Data
• • •

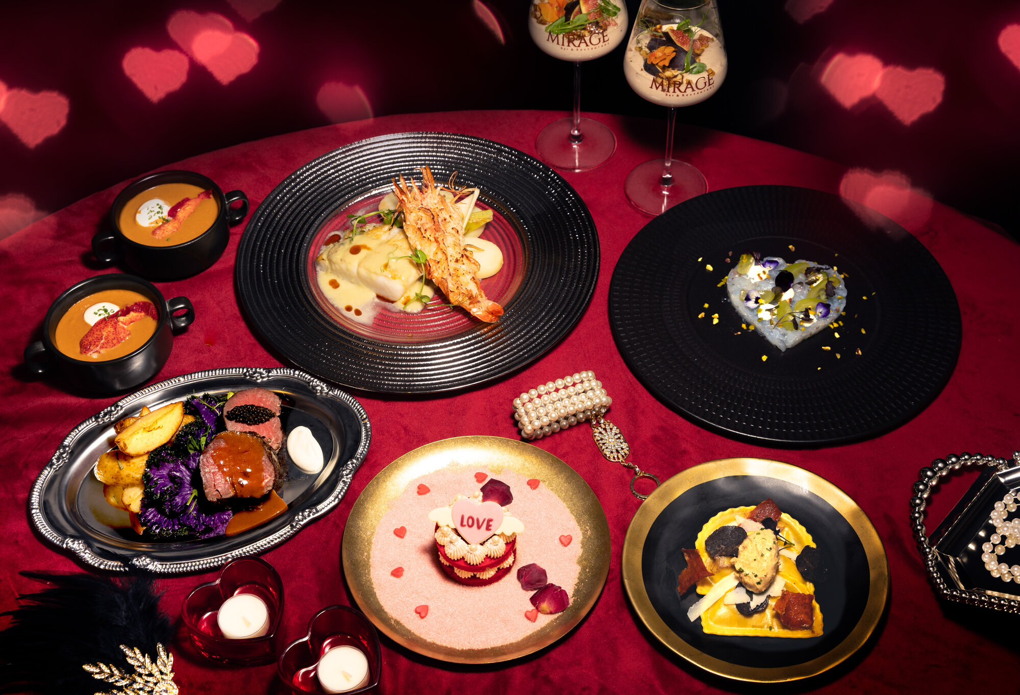 香港萬麗海景酒店 Mirage Bar & Restaurant 將於 2026 年 2 月 13 日至 15 日推出「臻味『戀』心情人節晚聚」六道菜套餐,網上商店預訂優惠價兩位用 HK$ 1,314(已連服務費)、一位用 HK$ 688
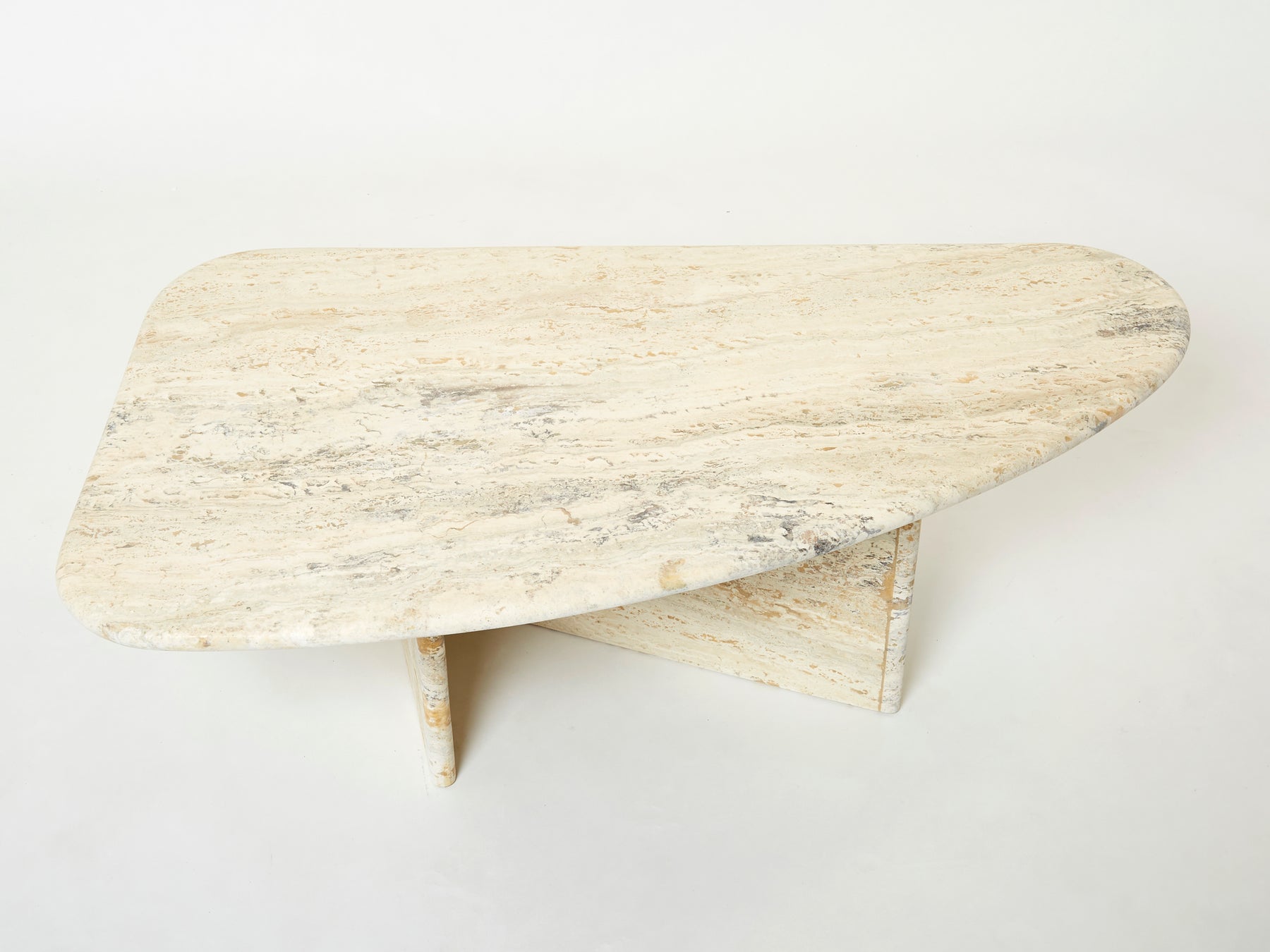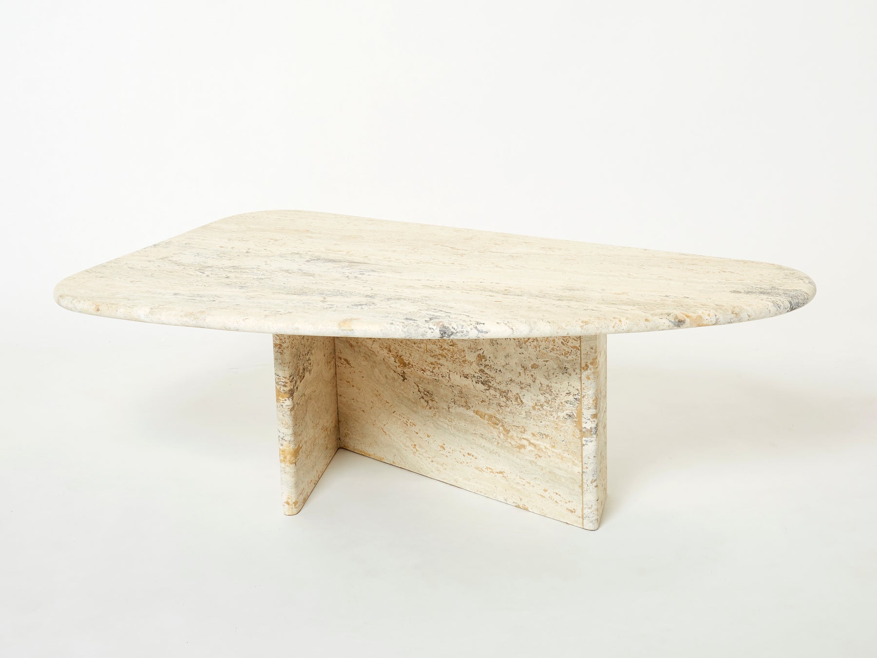 Beautiful vintage coffee table, free form shaped, produced in Italy in the early 1970s from a beautiful travertine marble. The thick shaped surface of this table is slick yet intriguing, with beautiful veins and colors, making it a staging piece of the living room. The Z shape foot is also made of travertine. The result is a sophisticated, naturalist look. Fully repolished, this table is found in an amazing condition.
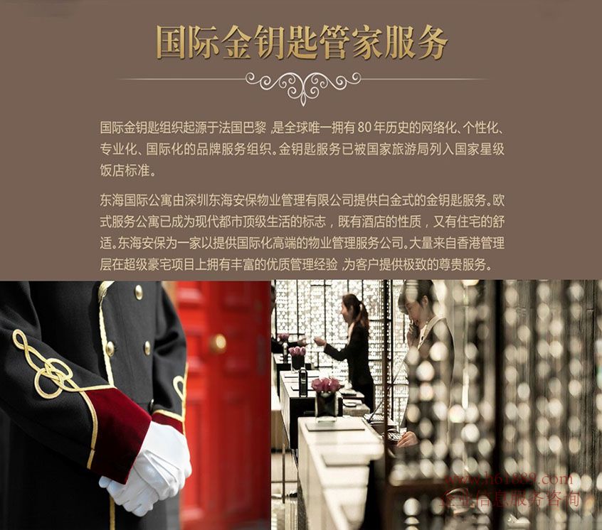 東海國(guó)際公寓由深圳東海安保物業(yè)管理有限公司提供白金式的金鑰匙服務(wù)。歐式服務(wù)公寓已成為現(xiàn)代都市頂級(jí)生活的標(biāo)志,既有酒店的性質(zhì),又有住宅的舒適。東海安保為一家以提供國(guó)際化高端的物業(yè)管理服務(wù)公司。大量來(lái)自香港管理層在超級(jí)豪宅項(xiàng)目上擁有豐富的優(yōu)質(zhì)管理經(jīng)驗(yàn)為客戶提供極致的尊貴服務(wù)

• • •

Exercise objective
Set down the complete material exactly, but do not include the images.

Solution
 香港萬麗海景酒店 Mirage Bar & Restaurant 將於 2026 年 2 月 13 日至 15 日推出「臻味『戀』心情人節晚聚」六道菜套餐,網上商店預訂優惠價兩位用 HK$ 1,314(已連服務費)、一位用 HK$ 688
 Beautiful vintage coffee table, free form shaped, produced in Italy in the early 1970s from a beautiful travertine marble. The thick shaped surface of this table is slick yet intriguing, with beautiful veins and colors, making it a staging piece of the living room. The Z shape foot is also made of travertine. The result is a sophisticated, naturalist look. Fully repolished, this table is found in an amazing condition.
 東海國(guó)際公寓由深圳東海安保物業(yè)管理有限公司提供白金式的金鑰匙服務(wù)。歐式服務(wù)公寓已成為現(xiàn)代都市頂級(jí)生活的標(biāo)志,既有酒店的性質(zhì),又有住宅的舒適。東海安保為一家以提供國(guó)際化高端的物業(yè)管理服務(wù)公司。大量來(lái)自香港管理層在超級(jí)豪宅項(xiàng)目上擁有豐富的優(yōu)質(zhì)管理經(jīng)驗(yàn)為客戶提供極致的尊貴服務(wù)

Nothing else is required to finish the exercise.